Ich war müde und legte mich aufs Bett.
Ein leises Klopfen an der Tür weckte mich.
„Herein“, sagte ich leise.
Die Tür öffnete sich, und ein Lächeln huschte über mein Gesicht.
Aria kam mit einem Tablett herein.
„Hier ist Ihr Abendessen, Mylady“, sagte sie. Sie klang erschöpft.
„Warum schläfst du noch nicht?“, fragte ich besorgt.
Sie hatte dunkle Ringe unter den Augen.
„Ich bin noch nicht mit meinen Aufgaben für heute fertig.“ Ich seufzte besorgt.
„Wie alt bist du?“, fragte ich.
„Ich bin sechzehn.“
„Und deine Eltern?“ Ich fragte sie. Sie senkte den Kopf. „Sie sind nicht da.“ Ihr Magen knurrte laut. „Eigentlich … habe ich keinen Hunger“, sagte ich. „Hier“, sagte ich und schob ihr das Tablett zu. „Iss es.“
Ihre Augen weiteten sich vor Schreck, sie wich zurück. „Ich kann nicht. Es gehört dir.“
„Ja, es gehört mir, und ich gebe es dir. Hier“, ich klopfte auf das Bett, „setz dich.“
„Ich sollte nicht“, antwortete sie.
„Schon gut“, versicherte ich ihr.
Sie zögerte, aber ihr Hunger siegte.
Sie setzte sich neben mich und stellte das Essen auf ihren Schoß. Zitternd hob sie den Löffel und nahm einen Bissen.
„Danke“, flüsterte sie.
Ich lächelte sie schwach an. Sie aß hastig.
„Hey, langsam“, sagte ich.
„Ich muss mich beeilen, damit ich meine anderen Aufgaben erledigen kann“, sagte sie zwischen den Löffeln. Sie stopfte sich den Mund voll und ich lächelte, wie süß sie aussah. Sie hustete. Ich lachte. „Ich hab dir doch gesagt, du sollst langsamer machen“, sagte ich. „Bitteschön.“ Ich reichte ihr ein Glas Wasser. Sie trank es in einem Augenblick aus. Sie lächelte mich an. „Es tut mir leid, Mylady“, sagte sie und hustete erneut. Ich drehte mich um, um ihr mehr Wasser zu holen, aber als ich zurückblickte, wurde ich kreidebleich. Der Löffel klirrte aus ihren Händen, sie keuchte heftig. Dann spritzte Blut aus ihrem Mund und bespritzte mein Kleid und meine Hände. Sie fiel zu Boden. „Nein, nein, nein, Aria!“ Ihr Körper verkrampfte sich, ihre Hände und Beine zuckten unkontrolliert, ihre Augen verdrehten sich. Mein Herz raste. Ich hielt sie in meinen Armen. Ich wusste nicht, was ich tun sollte. „Hilfe!“, schrie ich. „Bitte, jemand soll mir helfen!“ Die Tür öffnete sich und das Dienstmädchen von vorhin trat ins Zimmer. Ihre Augen waren voller Entsetzen, als sie schrie:
„Was hast du getan?“, schrie sie. „Was hast du ihr angetan?“
„Mir?“
Die Tür öffnete sich, und Damon stand da.

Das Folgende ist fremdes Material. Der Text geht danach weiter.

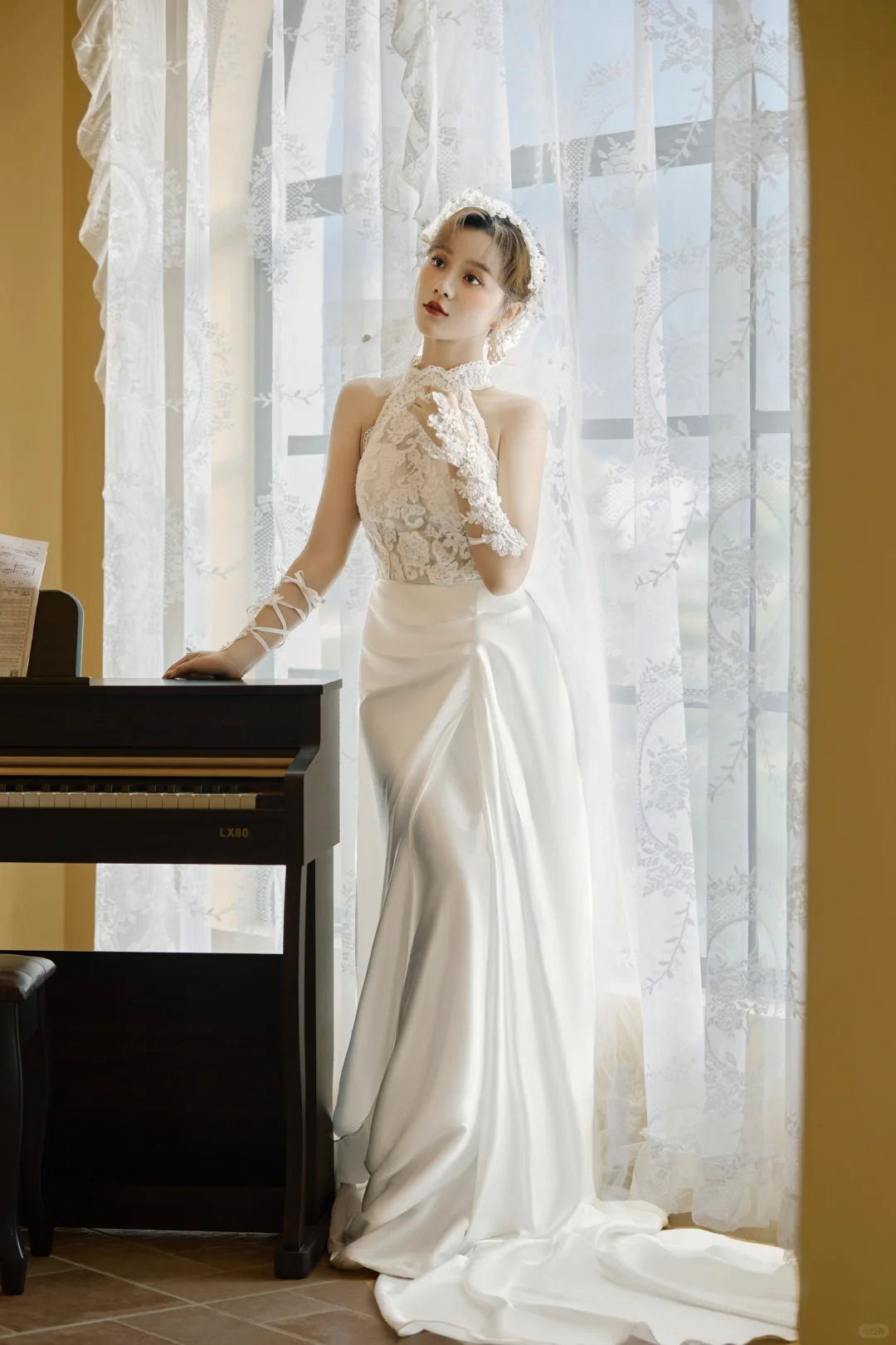 花嫁のウェディングドレスの手袋は腕の花を遮ります。

Sein Blick wanderte von der zuckenden Aria zu meinen blutigen Händen.
Aria hörte auf zu krampfen und erstarrte.
Ich sah Damon an, Tränen rannen mir über die Wangen.

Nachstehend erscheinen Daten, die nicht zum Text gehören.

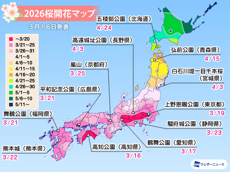 今日16日(月)に岐阜と高知でスタートした全国の桜の開花は明日17日(火)に名古屋、明後日18日(水)は東京へと進む見通しです。来週までには関東以西の広い範囲で開花し、4月に入るとともに東北南部で咲き始める予想となっています
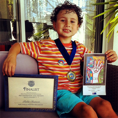 This year we had a winning sister and brother team from Australia, who entered the 16th annual Peace Pals International Art Exhibition and Awards. Natalia, age 10 came in Second Place in her age group and her brother Chamon, age 6 was one of 17 finalist in his age group. Both of the children gave us their representation of what “Peace Day” meant to them, following our theme for the International Day of Peace.

„Damon…“, meine Stimme versagte.
Soldaten stürmten hinter ihm in den Raum.
Einer von ihnen ging auf Aria zu und fühlte ihren Puls.
„Sie ist tot“, verkündete er.
„Bringt die Leiche raus!“, befahl ein anderer.
Sie hoben Arias kleine Gestalt hoch. Ihr Kopf fiel schlaff zur Seite, als sie sie wegtrugen.
Ihre leblosen Finger glitten mir aus den Händen. Ich hatte gar nicht bemerkt, dass ich sie festgehalten hatte.
„Sie… Sie hatte Hunger“, flüsterte ich. „Ich wollte ihr nur etwas zu essen geben.“
„Nimm das Tablett“, befahl Damon. Ich spürte, wie raue Hände meine Arme packten. „W…Was tut ihr da?“, riss ich mich los. „Lasst mich los!“
„Du wirst festgehalten“, knurrte ein Krieger.
„Wofür?“, hallte meine Stimme wider.
„Weil ich eine Dienerin der Nachtschatten vergiftet habe.“ Mir wurde eiskalt. „Ich habe nicht – sie hat nur gegessen – ich würde niemals – Damon, sag es ihnen –“ Ich drehte mich zu ihm um. Die Krieger zogen mich zurück. „Damon!“, schrie ich.
Handschellen klickten an meinen Handgelenken. Ich sah, wie Damons Kiefer sich zusammenpressten, seine Hände sich zu Fäusten ballten. „Damon“, schrie ich. „Bitte sag etwas!“ Er rührte sich nicht, er sagte nichts.
Er sah nur zu, wie ich abgeführt wurde. Die Krieger zerrten mich den Flur entlang, meine Füße schrammten über den Boden. Ich wurde in eine Zelle gezerrt. Meine Knie bluteten von einer Schürfwunde, doch der Schmerz in meinem Bein war nichts im Vergleich zu dem Schmerz in meinem Herzen. Die Zellentür knallte hinter mir zu.